Плоский глаз осциллографа перечеркивали зеленые или синие линии с колоколообразными всплесками.
Микро-ЭВМ "Электроника-60" разговаривала с Фроловым, отстукивая послания на "Консуле".
Подчиняясь поданым кодовым командам, в полутьме экспериментальной студии скользили коробки со слайдами в чешских теледиапроекторах "Тесла", и на экране цветного монитора возникала то пестрая кукла на детском столе, то какой-то версальский фонтан, то бравый американец в твердой фетровой шляпе.
Интриг Фролов старался избегать, в партию не лез, общественные нагрузки выбирал по "физкультурной" части, так как неплохо играл в спортивные игры — баскетбол, футбол, волейбол, гандбол.
Ему нравилось придумывать схемы, и когда потом, после настройки, они начинали рисовать на осциллографе нужные сигналы, испытывал тихое и приятное чувство удовлетворения.
Недовольство возникало при чтении переводного журнала "Электроника". В электронно-вычислительной технике наступала эра новой технологии. Все время появлялись новые и новые микросхемы, выполняющие громадный набор функций. Изобретение микропроцессоров означало настоящую революцию с далеко идущими последствиями. Теперь вы могли встраивать ЭВМ чуть ли не в авторучки и пудреницы. Схемы, которые Фролов с трудом размещал на двух-трех больших печатных платах, выполнялись в виде пластмассовой коробочки размером с почтовую марку с 40 торчащими ножками. Мы отставали в этом деле на 7-8 лет. Какая-нибудь маленькая Финляндия или Швеция, изготавливала микросхемы по лицензии, или просто покупая их, выпускала вполне современную и конкурентоспособную аппаратуру, а Фролову оставалось только завидовать, рассматривая проспекты и читая статьи.
Первый микропроцессор удалось получить из Киева благодаря старшему инженеру Ковалевой, у которой на этом заводе работал тесть.

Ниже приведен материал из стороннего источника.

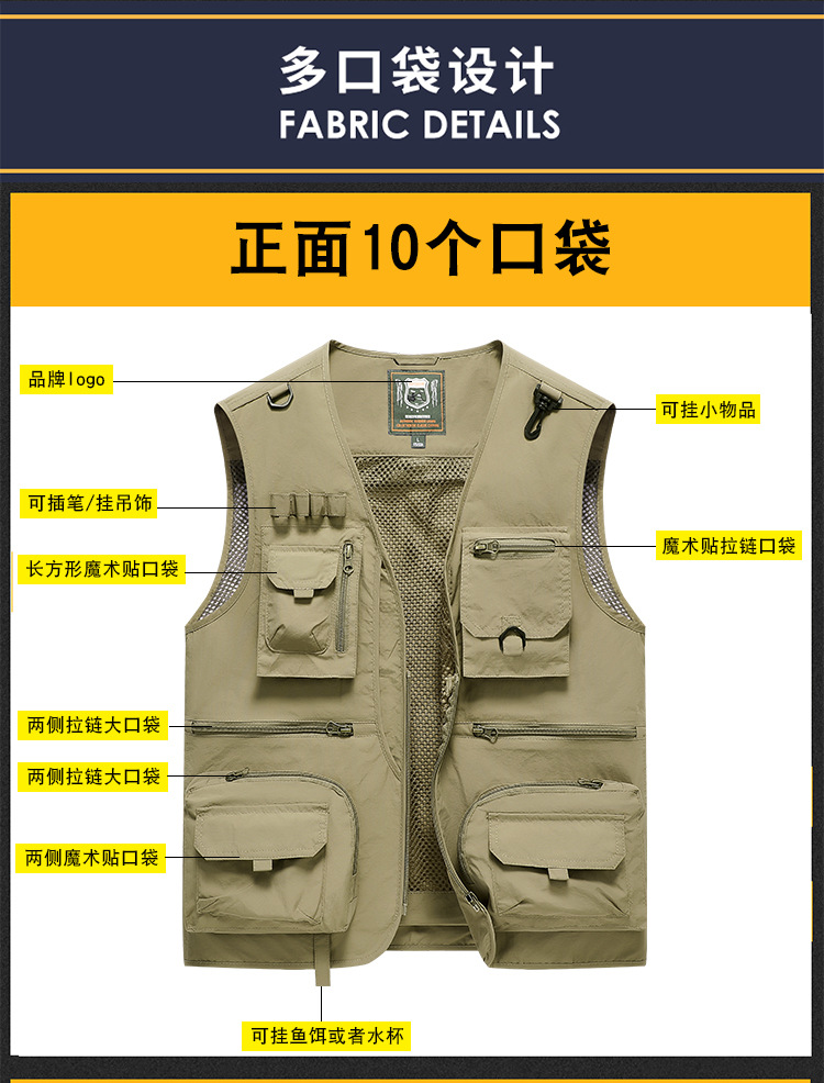 Свободный жилет с несколькими карманами, съемный весенне-летний жилет, внешнеторговый трансграничный дышащий жилет, Рыболовный Жилет Reporter

Вообще, доставание дефицитных компонентов занимало очень большую часть инженерного времени. Службы комплектации, да и все остальное, исповедовали универсальный принцип — "Тебе нужно — ты и делай". Поэтому инженеры лаборатории мотались по всему Союзу (Зеленоград, Кишинев, Минск, Киев, Винница, Полтава и т.д.), привозя за пазухой и в карманах новые переключатели, элементы памяти, мультиплексоры и дешифраторы. Хорошо срабатывал прием обмена деталей на ленинградские колбасу, сыр или масло.
Фролов понимал, что в некотором смысле занимается "повторением пройденного". Это было неприятно, и только слабым утешением служило название многих тем: "первая отечественная" и т.д.
Впрочем, большинство его знакомых, кроме, может быть, физиков-теоретиков, было в таком же положении.
Фролов жил один, в однокомнатной кооперативной квартире напротив Сосновки. Не отличаясь чрезмерным честолюбием, спокойно воспринимал медленное продвижение по служебной лестнице. Работа давала тихое ощущение устойчивости, средства к существованию, но не занимала все мысли. После работы он редко жил своими схемами — только, если что-то упорно не получалось, и тогда даже во сне выстраивались временные диаграммы и нахальный импульс помехи, пульсируя, выскакивал между тактами работы счетчика.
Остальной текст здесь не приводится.